ASSIGNED TASK: All that is wanted is the line with "负责主掌F.P. JOURNE Le" and each line after it to the end of the data below, set down exactly and without pictures.

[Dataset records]
· · ·

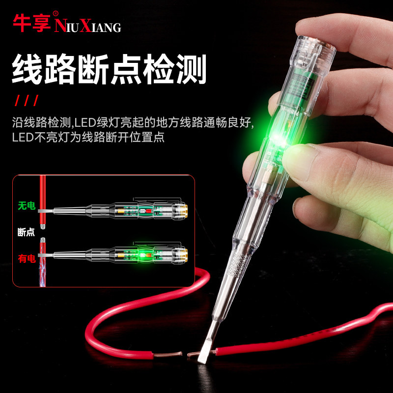 天保联智能测电笔感应高亮彩光电笔螺丝刀电工专用验电压测线查断点
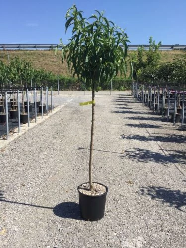 Erősen lapított gyümölcsei fehér húsúak, magvaválóak, akár a 10 dkg-ot is elérnek. Augusztus második felében érik. Öntermékeny.
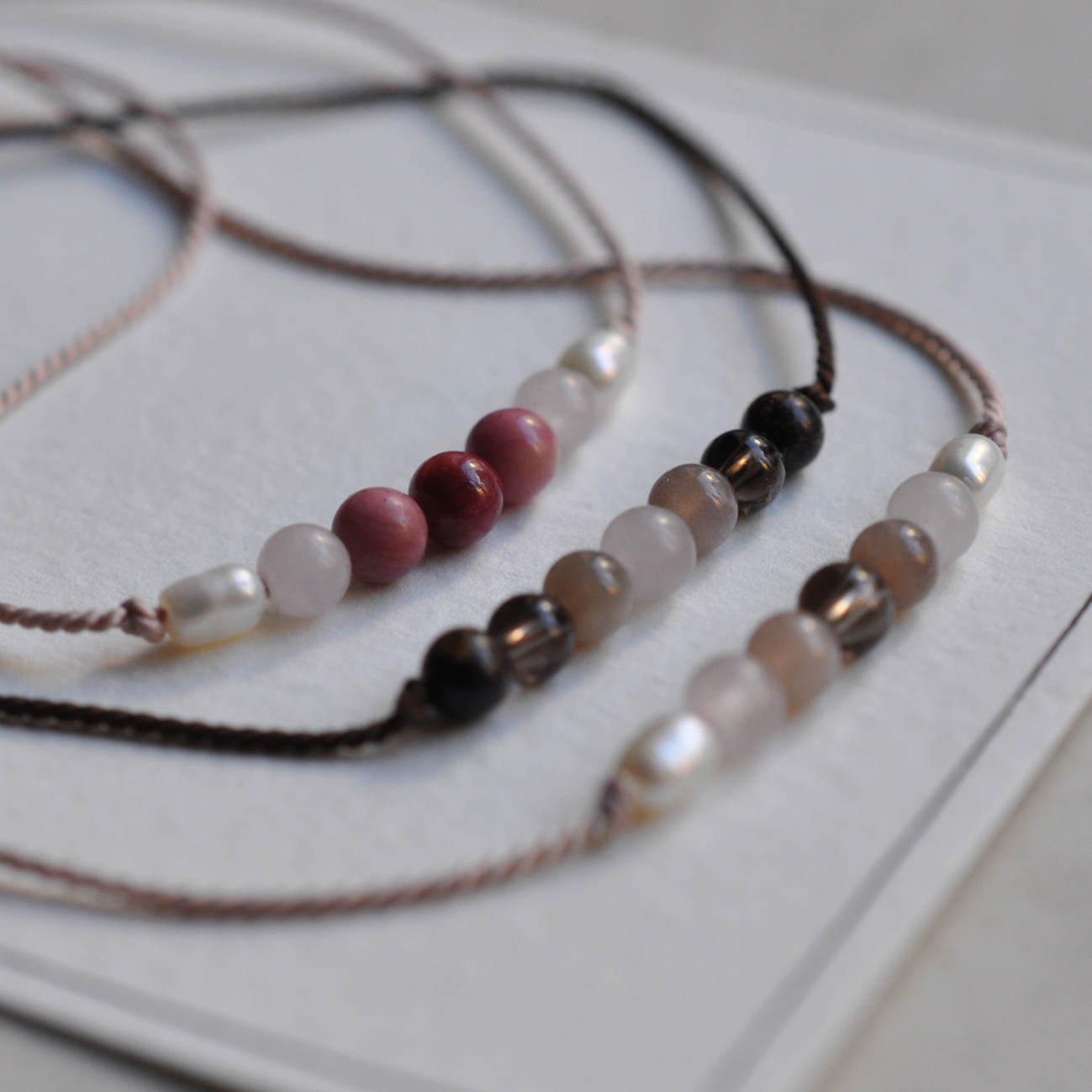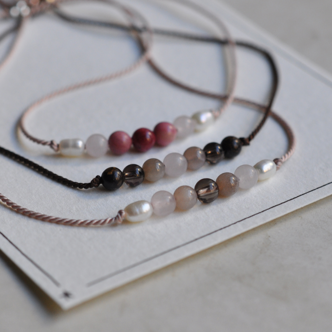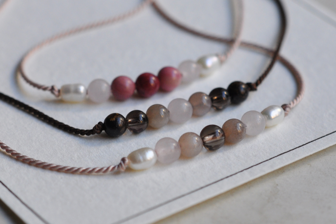 - Perlen, Rosenquarz, Mondstein, Rauchquarz
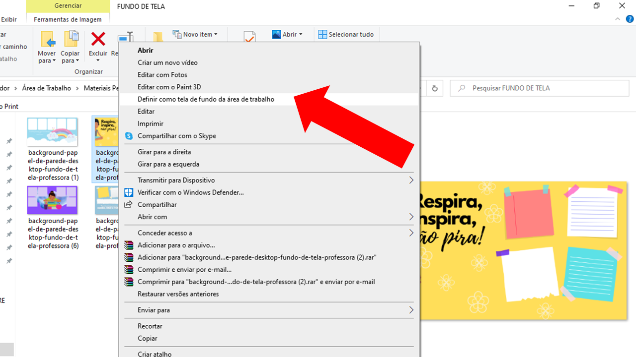 3. Clique com o botão direito do mouse no arquivo e selecione “Definir como tela de fundo da área de trabalho”, como mostra a imagem abaixo.
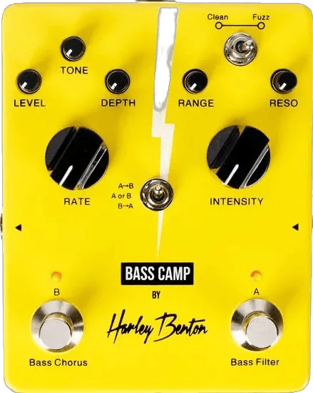 The Harley Benton Bass Camp is a bass chorus and filter effects pedal designed for shaping and enhancing bass tone. It features a classic chorus effect specifically adapted for bass frequency ranges, alongside a flexible filter section. The filter module provides options to select frequency range, control effect intensity, adjust the low-end response, and introduce variable levels of fuzz. Connectivity is straightforward, and the pedal is optimized for bass instrument compatibility.
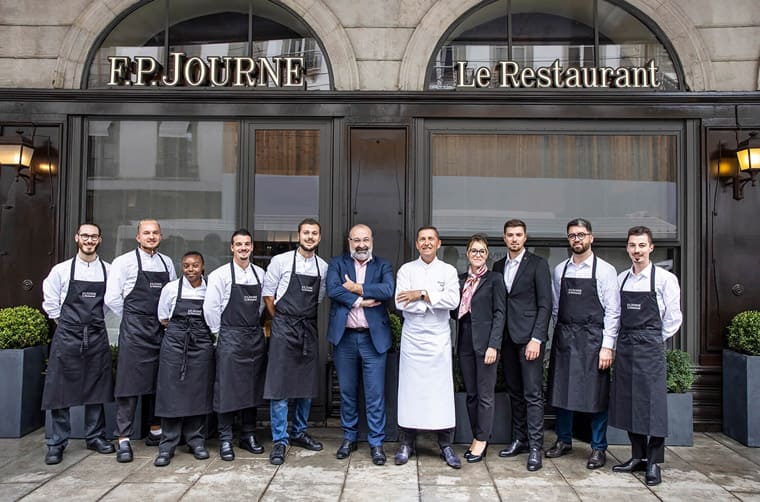 负责主掌F.P. JOURNE Le Restaurant佳餚的Dominique Gauthier在法国学艺,他先是在法国知名餐厅中累积实务经验,后来回到日内瓦美岸酒店的Chat-Botté餐厅一待就是20几年,这次他决定走出舒适圈与F.P. Journe共闯事业新天地。Dominique Gauthier的料理风格带点地中海的异国风情,他擅长在经典菜式中增添新的细节元素,目前在F.P. JOURNE Le Restaurant的菜单中,可以嚐到的招牌料理包括kadaïf炸虾、兔肉义大利饺佐松露、主厨无菜单料理与主厨精选美酒等。
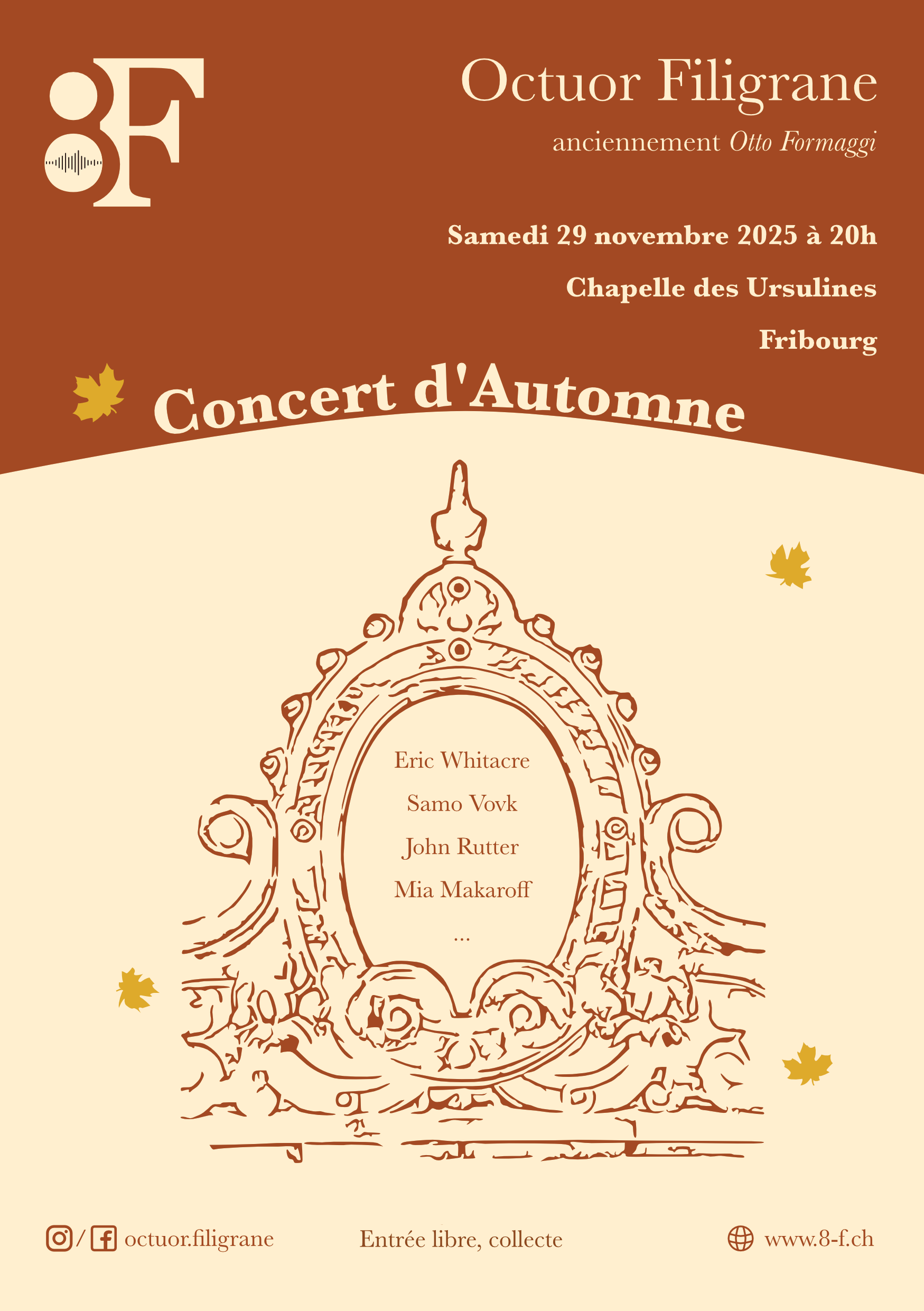 L'Octuor Filigrane (anciennement nommé Otto Formaggi) vous invite cordialement à son concert d'automne à la Chapelle des Ursulines à Fribourg. L'ensemble propose un programme a cappella varié, en passant des grands classiques comme Autumn Leaves ou Lullabye de Billy Joel, aux harmonies douces et cinglantes de Eric Whitacre, agrémenté de quelques pièces qui annoncent l'arrivée de la période de l'Avent.

· · ·

TASK ANSWER:
 负责主掌F.P. JOURNE Le Restaurant佳餚的Dominique Gauthier在法国学艺,他先是在法国知名餐厅中累积实务经验,后来回到日内瓦美岸酒店的Chat-Botté餐厅一待就是20几年,这次他决定走出舒适圈与F.P. Journe共闯事业新天地。Dominique Gauthier的料理风格带点地中海的异国风情,他擅长在经典菜式中增添新的细节元素,目前在F.P. JOURNE Le Restaurant的菜单中,可以嚐到的招牌料理包括kadaïf炸虾、兔肉义大利饺佐松露、主厨无菜单料理与主厨精选美酒等。
 L'Octuor Filigrane (anciennement nommé Otto Formaggi) vous invite cordialement à son concert d'automne à la Chapelle des Ursulines à Fribourg. L'ensemble propose un programme a cappella varié, en passant des grands classiques comme Autumn Leaves ou Lullabye de Billy Joel, aux harmonies douces et cinglantes de Eric Whitacre, agrémenté de quelques pièces qui annoncent l'arrivée de la période de l'Avent.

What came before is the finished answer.